The effects of opacity on gravitational stability in protoplanetary discs

In this paper we consider the effects of opacity regimes on the stability of self-gravitating protoplanetary discs to fragmentation into bound objects. Using a self-consistent 1-D viscous disc model, we show that the ratio of local cooling to dynamical timescales Omega*tcool has a strong dependence on the local temperature. We investigate the effects of temperature-dependent cooling functions on the disc's gravitational stability through controlled numerical experiments using an SPH code. We find that such cooling functions raise the susceptibility of discs to fragmentation through the influence of temperature perturbations - the average value of Omega*tcool has to increase to prevent local variability leading to collapse.
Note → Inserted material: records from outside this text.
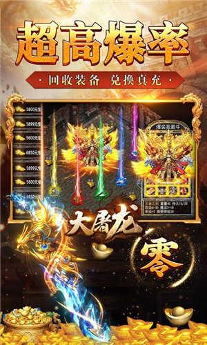 大屠龙独家爆真充是一款全新单职业的传奇游戏,开局就送超多新手福利!首充赠送超强属性-隐身buff的武器!超高爆率!极品装备掉满地!全新boss地图,boss无限刷!装备无限爆!
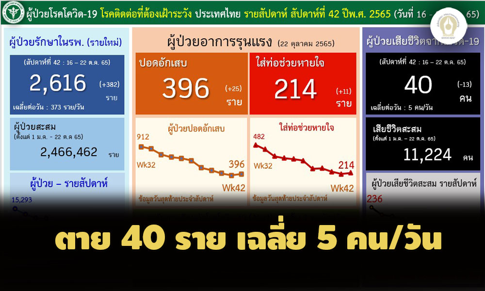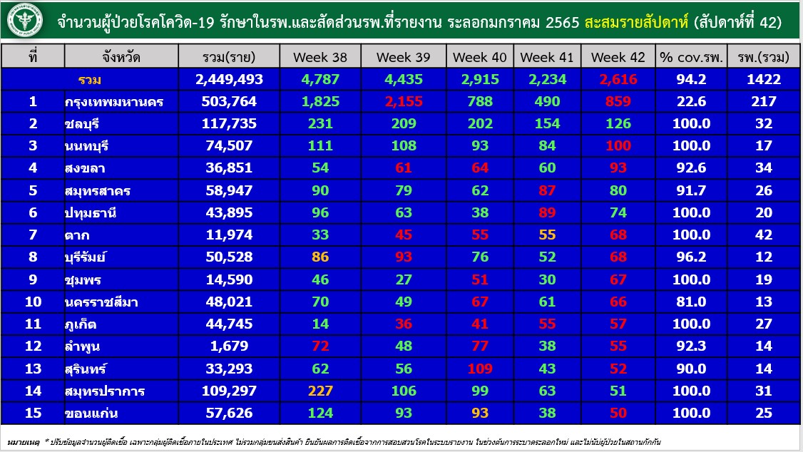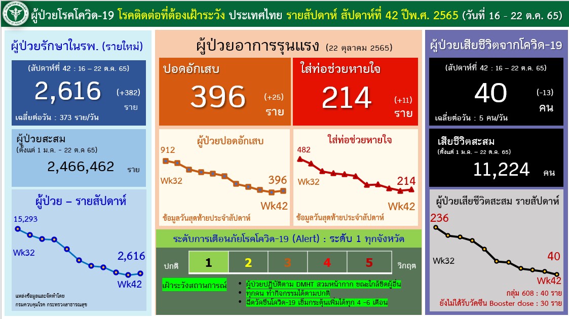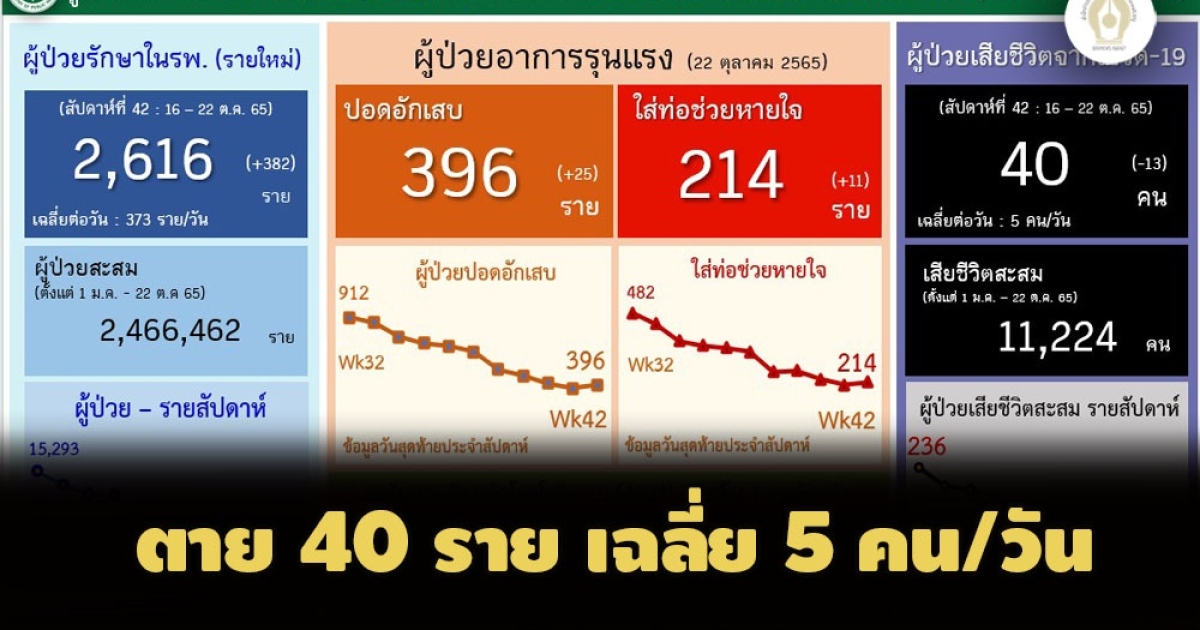 สำนักข่าวอิศรา (www.isranews.org) รายงานสรุปสถานการณ์โรคโควิด-19 ประจำสัปดาห์ที่ 42 วันที่ 16-22 ต.ค. 2565 ว่า มีผู้ป่วยรักษาในรพ.รายใหม่ 2,616 ราย (เฉลี่ย 373 ราย/วัน) แนวโน้มพบผู้ป่วยรายใหม่ เพิ่มขึ้น เทียบจากสัปดาห์ที่ 41
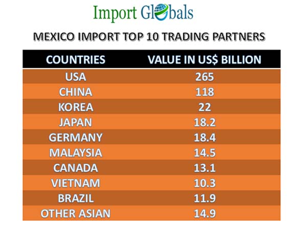 The Top Mexico Import Trading partners according to Mexico Import Trade Data are Following:1. USA – Mexico has imported products worth 265 billion US dollars from the United States which is around 43% of the total value, iron or steel articles, and organic chemicals are imported from the USA.
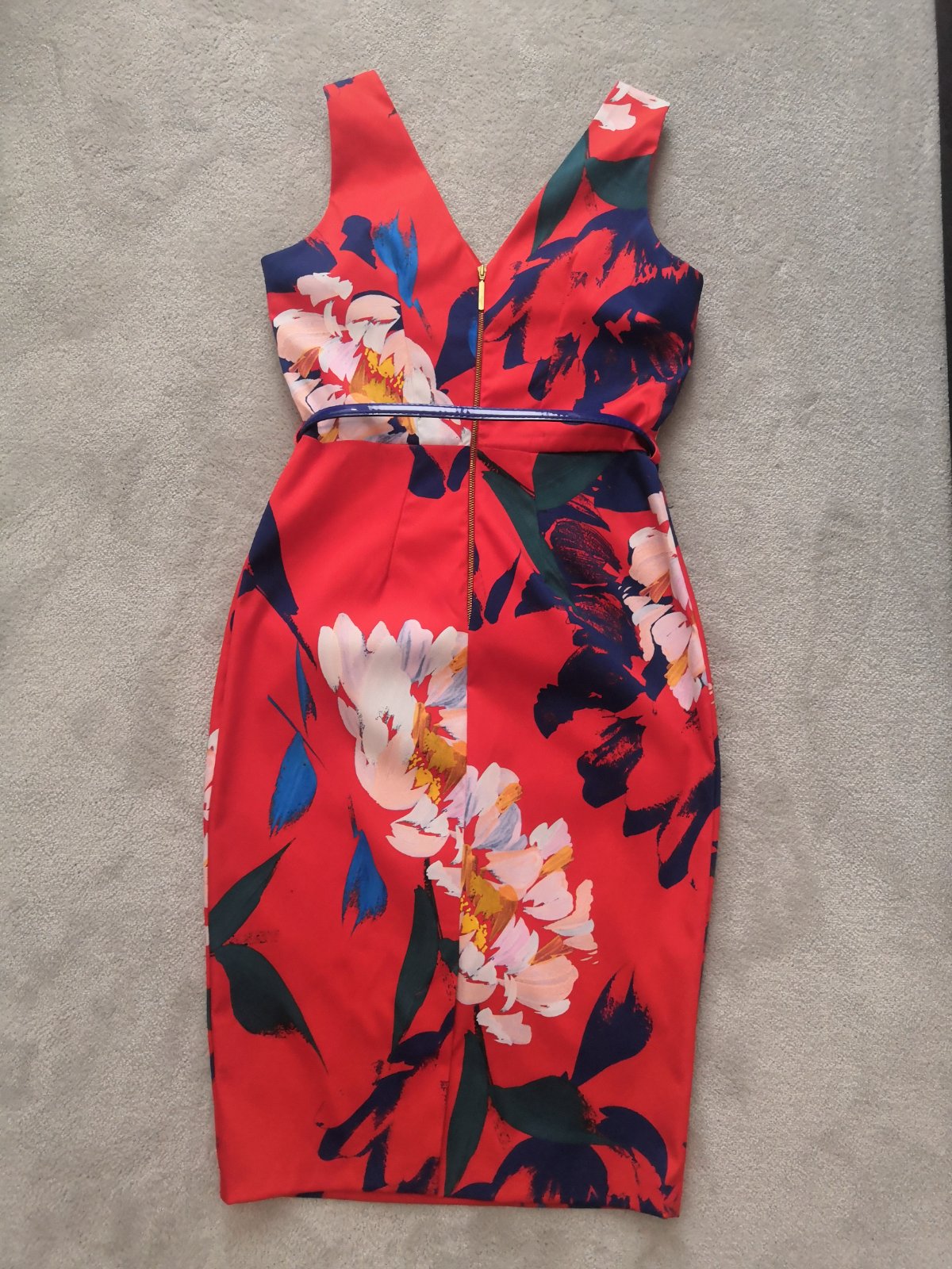 Krásne farebné šaty zvýrazňujúce postavu, použité len raz, vzadu zips, opasok. Materiál nie je priesvitný a jemne elastický. Rozmery: dĺžka 108cm, pás 38cm a šírka cez prsia 44cm. Opasok dlhý 85cm, prvá dierka 65cm a posledná 75cm.
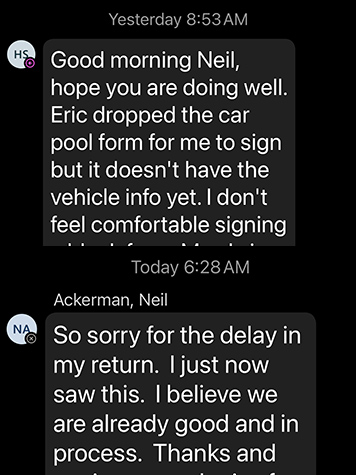 Friday, September, 12, I texted Sarah today to say hi, and to mention the whole thing that it was hard for her to make a difference here because of management. The following is her response.
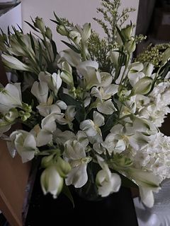 開いたお花の花びらが所々傷んで透けていました。どこかに強く当たってしまったのかな?と言った印象です。白い花なので仕方ないとは思いますが、5本届いて摘み取った花の数が10個以上あったので、少し多いかな、、、とも思いました(写真1枚目) でも綺麗なお花もだいぶ残っているので、マメにお手入れして長持ちさせたいと思います(写真2枚目※水あげ中です)
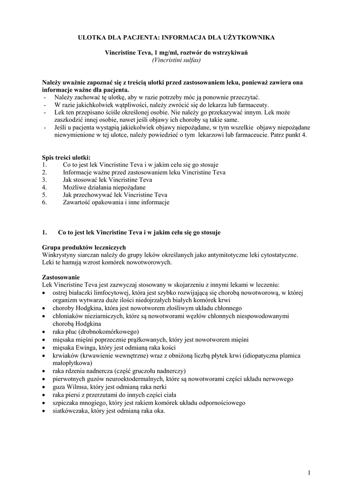 ULOTKA DLA PACJENTA: INFORMACJA DLA UŻYTKOWNIKA Vincristine Teva, 1 mg/ml, roztwór do wstrzykiwań (Vincristini sulfas) Należy uważnie zapoznać się z treścią ulotki przed zastosowaniem leku, ponieważ zawiera ona informacje ważne dla pacjenta. - Należy zachować tę ulotkę, aby w razie potrzeby móc ją ponownie przeczytać. - W razie jakichkolwiek wątpliwości, należy zwrócić się do lekarza lub farmaceuty. - Lek ten przepisano ściśle określonej osobie. Nie należy go przekazywać innym. Lek może zaszkodzić innej osobie, nawet jeśli objawy ich choroby są takie same. - Jeśli u pacjenta wystąpią jakiekolwiek objawy niepożądane, w tym wszelkie objawy niepożądane niewymienione w tej ulotce, należy powiedzieć o tym lekarzowi lub farmaceucie. Patrz punkt 4. Spis treści ulotki: 1. Co to jest lek Vincristine Teva i w jakim celu się go stosuje 2. Informacje ważne przed zastosowaniem leku Vincristine Teva 3. Jak stosować lek Vincristine Teva 4. Możliwe działania niepożądane 5. Jak przechowywać lek Vincristine Teva 6. Zawartość opakowania i inne informacje 1. Co to jest lek Vincristine Teva i w jakim celu się go stosuje Grupa produktów leczniczych Winkrystyny siarczan należy do grupy leków określanych jako antymitotyczne leki cytostatyczne. Leki te hamują wzrost komórek nowotworowych. Zastosowanie Lek Vincristine Teva jest zazwyczaj stosowany w skojarzeniu z innymi lekami w leczeniu: ostrej białaczki limfocytowej, która jest szybko rozwijającą się chorobą nowotworową, w której organizm wytwarza duże ilości niedojrzałych białych komórek krwi choroby Hodgkina, która jest nowotworem złośliwym układu chłonnego chłoniaków nieziarniczych, które są nowotworami węzłów chłonnych niespowodowanymi chorobą Hodgkina raka płuc (drobnokomórkowego) mięsaka mięśni poprzecznie prążkowanych, który jest nowotworem mięśni mięsaka Ewinga, który jest odmianą raka kości krwiaków (krwawienie wewnętrzne) wraz z obniżoną liczbą płytek krwi (idiopatyczna plamica małopłytkowa) raka rdzenia nadnercza (część gruczołu nadnerczy) pierwotnych guzów neuroektodermalnych, które są nowotworami części układu nerwowego guza Wilmsa, który jest odmianą raka nerki raka piersi z przerzutami do innych części ciała szpiczaka mnogiego, który jest rakiem komórek układu odpornościowego siatkówczaka, który jest odmianą raka oka. 1 2. Informacje ważne przed zastosowaniem leku Vincristine Teva Kiedy NIE STOSOWAĆ leku Vincristine Teva: jeśli u pacjenta stwierdzono uczulenie (nadwrażliwość) na winkrystyny siarczan lub którykolwiek z pozostałych składników tego leku (wymienionych w punkcie 6) jeśli u pacjenta występują zaburzenia nerwowo-mięśniowe znane pod nazwą choroby CharcotaMariego-Tootha jeśli u pacjenta występują ciężkie zaburzenia czynności wątroby jeśli u pacjenta występują zaparcia lub ryzyko wystąpienia blokady (niedrożności) jelit, szczególnie u dzieci jeśli pacjent otrzymuje radioterapię obejmującą wątrobę. Ostrzeżenia i środki ostrożności Lek Vincristine Teva powinien być stosowany wyłącznie pod ścisłym nadzorem lekarzy doświadczonych w leczeniu cytostatykami (lekami stosowanymi w nowotworach). Lek Vincristine Teva powinien być podawany wyłącznie drogą dożylną (do żyły) i nie może być podawany żadną inną drogą. Inne sposoby podania leku mogą doprowadzić do zgonu pacjenta. Należy unikać kontaktu siarczanu winkrystyny z oczami. W przypadku, gdy dojdzie do kontaktu z oczami, należy natychmiast przepłukać oczy dużą ilością wody. Jeżeli podrażnienie utrzymuje się, należy skontaktować się z lekarzem. Należy skontaktować się z lekarzem, jeżeli którekolwiek z poniższych ostrzeżeń dotyczy pacjenta lub dotyczyło go w przeszłości: u pacjenta występują zaburzenia układu nerwowego u pacjenta występują zaburzenia czynności wątroby, patrz również punkt “Jak stosować lek Vincristine Teva” pacjent przyjmuje leki, które mogą mieć szkodliwe działanie na układ nerwowy; lekarz będzie prowadził ścisłą obserwację pacjenta w trakcie leczenia w wyniku leczenia wystąpią zaparcia; lekarz zastosuje środki zapobiegające zaparciom, np. dostosowanie diety lub środki poprawiające ruchliwość jelit (środki przeczyszczające, zwłaszcza laktulozę) u pacjenta występują choroby serca, w tym zaburzenia o charakterze niedokrwiennym (problemy związane z sercem i krążeniem) istniejące zakażenie lub zakażenie rozwijające się w trakcie leczenia; należy poinformować o tym lekarza jeśli pacjent jest aktywny seksualnie; w trakcie leczenia oraz przez 6 miesięcy po jego zakończeniu, zarówno pacjent, jak i jego partner/partnerka powinni stosować środki zapobiegające ciąży. Winkrystyna a inne leki Uwaga: Poniższe uwagi mogą odnosić się do leków stosowanych obecnie przez pacjenta, przyjmowanych w ciągu ostatnich kilku tygodni lub leków, które pacjent może zacząć zażywać po kilku tygodniach od zakończenia leczenia lekiem Vincristine Teva. Leki wymienione w tej sekcji mogą być znane pacjentowi pod inną nazwą, często nazwą handlową. W tej części ulotki, podana jest wyłącznie nazwa substancji czynnej lub grupy substancji czynnych danego leku, a nie nazwa handlowa. Należy sprawdzić na opakowaniu lub w ulotce wszystkich zażywanych leków, jaka jest nazwa ich substancji czynnej. W przypadku jednoczesnego stosowania kilku leków, mogą one czasami wpływać wzajemnie na swoje działanie i (lub) działania niepożądane. Mówimy wówczas o interakcji. Interakcja może wystąpić, gdy ten lek stosowany jest jednocześnie z: niektórymi lekami hamującymi aktywność enzymów wątrobowych, na przykład rytonawir (stosowany w leczeniu HIV), nelfinawir (stosowany w leczeniu HIV), ketokonazol (stosowany 2 w leczeniu zakażeń grzybiczych), itrakonazol (stosowany w leczeniu zakażeń grzybiczych), erytromycyna (stos

We find the effects of temperature dependence to be most significant in the "opacity gap" associated with dust sublimation, where the average value of Omega*tcool at fragmentation is increased by over an order of magnitude. We then use this result to predict where protoplanetary discs will fragment into bound objects, in terms of radius and accretion rate. We find that without temperature dependence, for radii < ~10AU a very large accretion rate ~10^-3 Msun/yr is required for fragmentation, but that this is reduced to 10^-4 Msun/yr with temperature-dependent cooling. We also find that the stability of discs with accretion rates < ~10^-7 Msun/yr at radii > ~50AU is enhanced by a lower background temperature if the disc becomes optically thin.